The Denver Nuggets are in the NBA Finals for the first time in franchise history, and I’m sincere when I say that’s not a backhanded compliment. Yet it seems as if I’m one of only a few media members who actually wants to talk about the team that won the Western Conference Finals. The league and its cling-ons were hoping for a heaping helping of Los Angeles Lakers-Boston Celtics, and instead, they’ll have to settle for Serbian food and Nickelback.
However, this is the job. Write about the squads still standing, and hand out flowers to the players who earned them. Nikola Jokić is playing like an old-school video game boss, made impossible to beat due to finite lives, not enough quarters, and an unstoppable array of unblockable attacks. We just spent the past month and a half drooling over L.A. coming back from a horrendous start, yet Jamal Murray returning from a torn ACL and shedding the Bubble Murray moniker isn’t compelling because he’s not in purple and gold?

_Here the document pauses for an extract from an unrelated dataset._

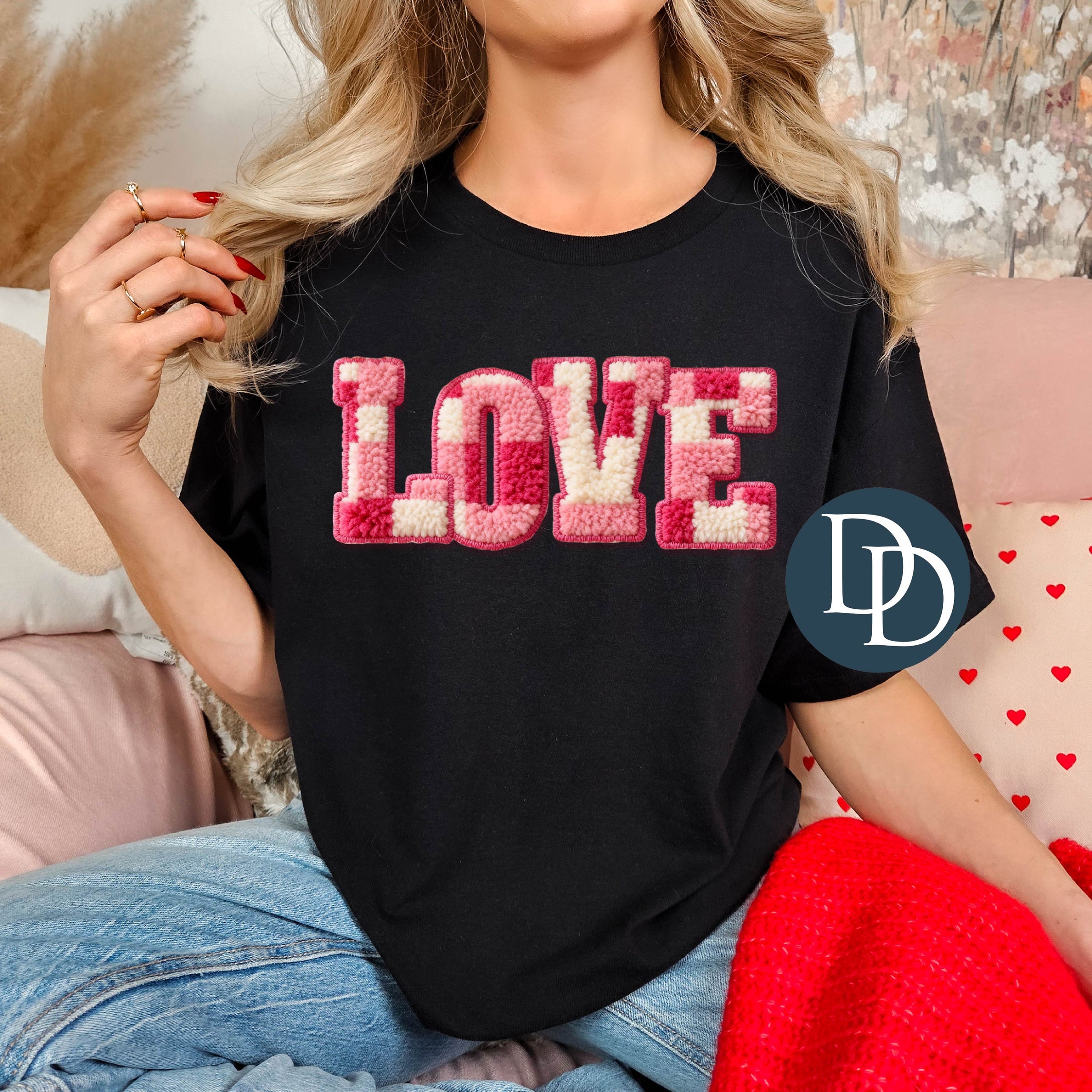 Love Pink Checkered Faux Yarn *DTF Transfer*

It’s easy to rattle off players and say, “They’re not interesting.” I could just as easily do it with media personalities who claim banality as an excuse for not wanting to talk about Denver. The Nuggets have a two-time MVP and a group of guys who’ve also persevered through injuries. In addition to Murray’s road to recovery, Michael Porter Jr. only appeared in nine games last year, and has had to overcome back problems since the draft.

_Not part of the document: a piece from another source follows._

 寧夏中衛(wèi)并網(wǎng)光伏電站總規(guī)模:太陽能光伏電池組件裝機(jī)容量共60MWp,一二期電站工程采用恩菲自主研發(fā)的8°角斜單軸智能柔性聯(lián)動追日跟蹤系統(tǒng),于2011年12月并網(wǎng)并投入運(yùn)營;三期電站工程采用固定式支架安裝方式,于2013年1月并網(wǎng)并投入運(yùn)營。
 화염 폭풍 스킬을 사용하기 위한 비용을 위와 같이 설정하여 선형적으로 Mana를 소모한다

I understand that LeBron James and Anthony Davis do more traffic, and are easier to discuss because all we ever do is talk about L.A. They don’t matter at the moment because they were summarily swept by a far superior team. We have all offseason to debate LeBron’s future, so that can be shelved for now — and in general.
Blame ringzzz culture, sports media, social media, everyone
Chris Mannix isn’t the only reporter who wants to clock in and go through the motions. If sports media painted houses, every home would be a hue of beige. It’s the same storylines over and over again, and the only way to enter the conversation is to win a ring, or say some wild shit.
If a ring is the only currency that earns a player media attention, then why has Damian Lillard been in the news even though Portland was eliminated from playoff contention in March?
We literally just shouted about Jokić and the MVP race for months, but a lot of people were on the Joel Embiid bandwagon, so offering a mea culpa would be career suicide because it would compromise a take, your integrity? I’m still not sure. I caped for Embiid, and I couldn’t have been more wrong.
Even after getting slandered for months because he was the white face of the MVP debate, Jokić derided those who’ve been “mean” to Embiid, and said the Cameroonian wasn’t deserving of the award after the 76er’s second-round exit. That’s essentially the reception Jokić got after last postseason, and the media wonders why he has no interest in participating in their dog and pony show.
There are gobs of angles to cover with this Nuggets team, and I will not entertain excuses to talk about the fucking Lakers. All of the alleged reasons to ignore Denver have nothing to do with basketball, yet that’s what we’re supposed to be covering.